The \(\chi^2\) values correspond to the likelihood ratio test (the Deviance value) for the variables (you also can calculate for the model - check the rcompanion output).

You might want to add a Pseudo-\(R^2\).

You would then describe the odds ratios or illustrate the effect.

vcd package

Continuous –> You can plot the odds ratios. Look at how to do that in ggplot2

How to plot our results for categorical variables? Mosaic plots! Also look at alternatives

Look into ggmosaic() if you want it in ggplot2.

How to do it?

First make some categorical variables.

require(dplyr)  # make some categorical variables
pima_data <- pima_data %>% mutate(obese = cut(mass, breaks = c(-Inf, 30, Inf), 
    labels = c("No", "Yes")))
pima_data <- pima_data %>% mutate(nulligravada = cut(pregnant, breaks = c(-Inf, 
    0.99, Inf), labels = c("never pregnant", "ever pregnant")))

Vcd

require(RColorBrewer)
# pick some colours.
colours <- c(color = brewer.pal(2, "Set3"))
fill_colours <- rep(colours, each = 4)  # 4 quadrants to fill
require(vcd)
mosaicplot1 <- mosaic(~diabetes + nulligravada + obese, zero_size = 0, data = pima_data, 
    gp = gpar(fill = fill_colours, col = 0), legend = F, labeling = labeling_values)

Exercise.

Load last week's Salaries dataset. If necessary, calculate monthly_salary again.
calculate a Spearman and Pearson correlation between years since Ph.D. and monthly salary. Conduct a significance test for one of them. Pick one and discuss the outcome
Build a hierarchical regression model, in step 1 use monthly salary as dependent and year since Ph.D. as independent, in step 2 add gender (keep all variables from step 1), in step 3 add rank (keep all variables from step 2). Export the hierarchical regression table.
Test the assumptions for the final model, how would you combat any issues that arise in terms of violations of these assumptions?

Exercise. (cont'd)

Calculate the standardized coefficients for model 1 (\(\beta\)). Interpret this coefficient. Bootstrap this coefficient and report as you would do in a paper.
What does the final model predict in terms of monthly salary shift, when there is a shift of being 3 years post-Ph.D.
Install and load the 'caret' package. load the GermanCredit dataset. ??GermanCredit to find out more also here. It contains data on credit scores for a 1,000 cases and has 62 variables. As done before, you might want to explore the descriptive statistics.
Make a corrplot() for up to 10 continuous variables in the GermanCredit dataset. Export a correlation matrix (up to 10 variables).

Exercise (cont'd)

Conduct a hierarchical logistic regression on 'Class' as dependent, in each step keeping the previous variables. In step 1 add Amount. In step 2 add CreditHistory.PaidDuly. In step 3 add Age. In step 4 add Telephone. Export a table with your key results.
Choose some categorical variables and make a (beautiful) mosaic plot with credit class as dependent.
Calculate all odds ratios for model 4. Calculate the odds ratio for a shift in 1,000 DM (Deutsche Mark - pre-euro era) in credit status for model 4.
BONUS: Make a mosaic plot via ggmosaic() with credit class as dependent.
BONUS: Have a look at ROC curves and plot one for the credit data.

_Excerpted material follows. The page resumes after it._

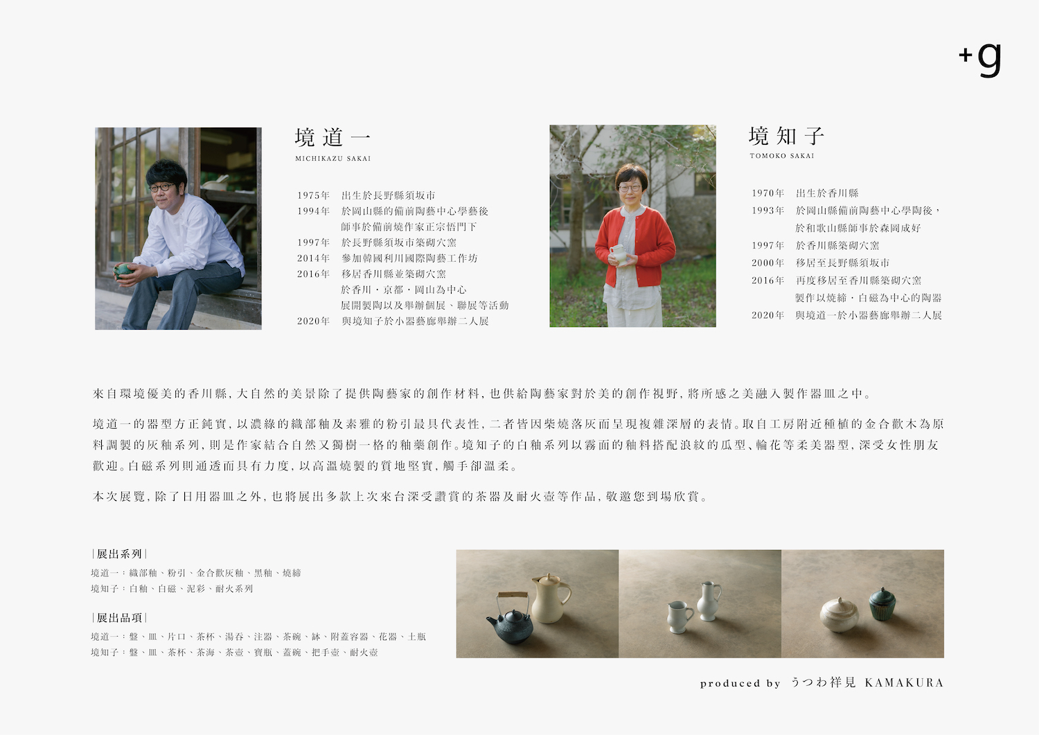 台湾・台北にある小器藝廊+g にて、境道一·境知子 二人展が開催されます
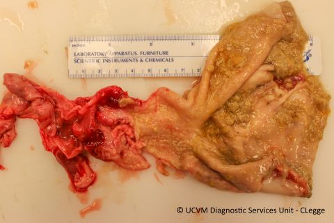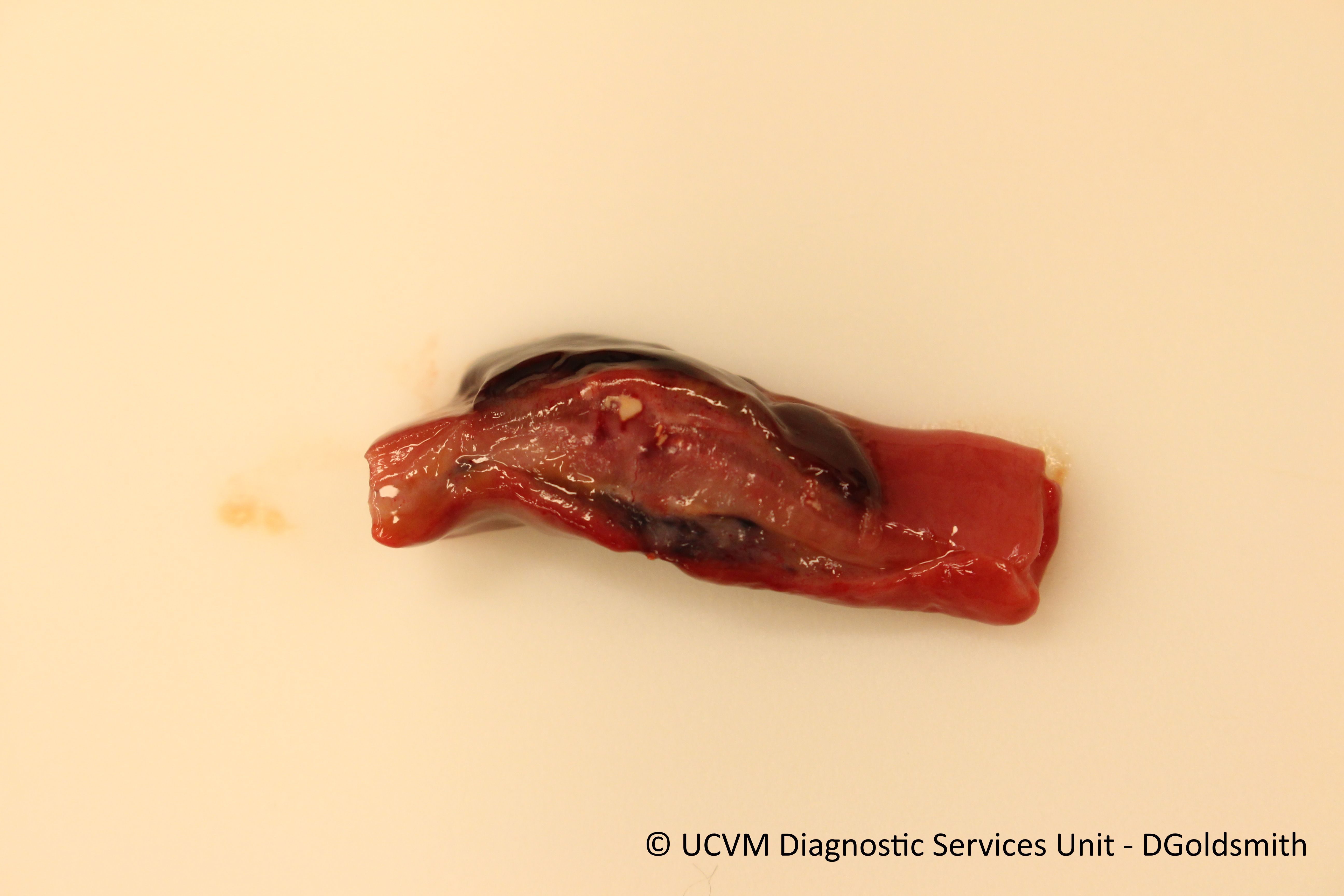 Small intestine, not ileum, with hemomelasma ilei like lesions with focal necrosis

References (and further reading.)

Also check the reading list! (many more than listed here)

Crawley, M. J. (2013). The R book: Second edition. New York, NY: John Wiley & Sons.
Fox, J. (2015). Applied regression analysis and generalized linear models. London, UK: Sage.
Torres-Reyna, O. (2010). Regression 101.
Wickham, H., & Grolemund, G. (2017). R for data science. Sebastopol, CA: O’Reilly.
Willems, K. (2017). R correlation tutorial
Zuur, A., Ieno, E.N., Walker, N., Saveliev, A.A., & Smith, G.M. (2009). Mixed effects models and extensions in ecology with R. New York, NY: Springer.